As we moved through the week, mourning the many murdered, the skies dried and an icy wind cleared the air, culminating in Friday the 27th, the International Holocaust Remembrance Day. I was stunned when I realized this fell in this same month, a week after the Roe v. Wade anniversary. The two holocausts remembered within a week. In January.
The Jewish Holocaust remembrance – January 27 – recalled the freeing of Auschwitz by Soviet troops on this day. In all, some 1.1 million people were killed in this concentration camp in Poland. Friday, January 27, 2023 was the 78th anniversary, a commemoration established by the United Nations in 2005.
These twin horrors – holocausts – must not be forgotten: the children lost through abortion (2 million a year in the U.S. since 1973) and the genocide of six million Jews, five million Slavs, three million ethnic Poles, two hundred thousand Romani, two hundred fifty thousand mentally and physically disabled people, and nine thousand homosexual men by the Nazi regime.
I was reminded of this anniversary by my friends in Kentucky who run Nazareth House Apostolate, a retreat and prayer center. Vicki and Father Seraphim Hicks send a daily prayer email that includes significant meditations on our times. Vicki quotes the author and survivor Elie Wiesel who describes Holocaust survivors as those who had “emerged from the Kingdom of Night. We know that every moment is a moment of grace, every hour an offering, and not to share them would mean to betray [the dead].”
We must never forget all holocausts – the genocide of babies and the genocides of peoples. In my novels, I try and include not only immigrant stories, but survivors of genocide. We must not forget.
Being absorbed by these events over the last few weeks, I failed to remember one last commemoration in January, one that captures my heart, for January 28 was the fiftieth anniversary of the Denver consecrations. After leaving the Episcopal Church for matters of faith and practice, some would say heresy, four bishops were consecrated in Denver, Colorado in 1978. This event solidified the foundation of the Anglican Province of Christ the King. Our Bishop Morse of blessed memory was consecrated bishop with three others, thus ensuring the apostolic line of the episcopacy for our Anglican province. We have traveled a long road together through the decades since 1978 and have been blessed to speak truth to lies, love to hate, bringing many into the ark of the Church and her promise of life eternal.

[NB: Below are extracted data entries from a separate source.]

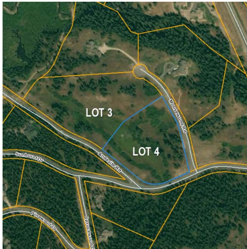
Gillespie/Lee Landscape Alterations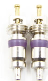
HC.50.2012 Audi Valve core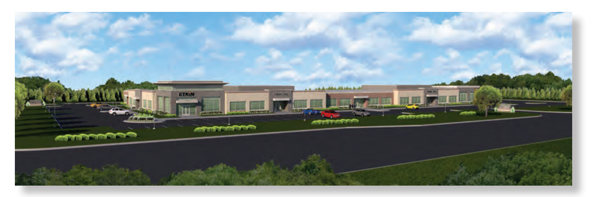
Distinctive landscaping features include a stream that winds around the north side of the property.

The current design of Victor East may be modified and built-to-suit for a major tenant. Options are available for a screened loading area with overhead doors per tenant requirements. Space may be easily divided for multiple users with each suite highlighted by a distinctive decorative entry. Clear height ceilings of 13+ feet increase options for planning along with additional corner offered by the unique U-shaped building design. High standards and finishes throughout including energy efficient lighting, HVAC system and the building envelope.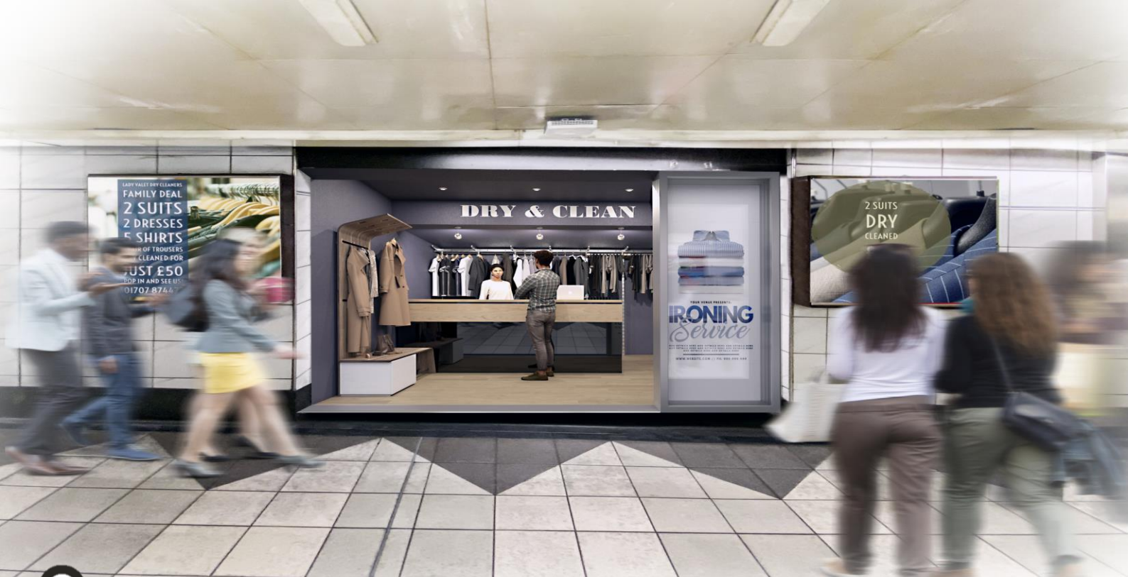
Shop 1 – Bank Station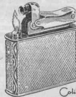
Calibri POCKET LIGHTER

And so this month of January 2023 has been full of light and dark, in great need of more epiphanies, in great need of Christ’s light in the darkness. We see why he came to us as a baby in a manger-cave outside Bethlehem, why we celebrate him in all we do, for he brings the light of truth, the light of love, and the light of life into our tragic world. He truly saves us in our Time for all Eternity.
And of course this is the music of the mountain, a tune that calls us all to love, light, and life eternal.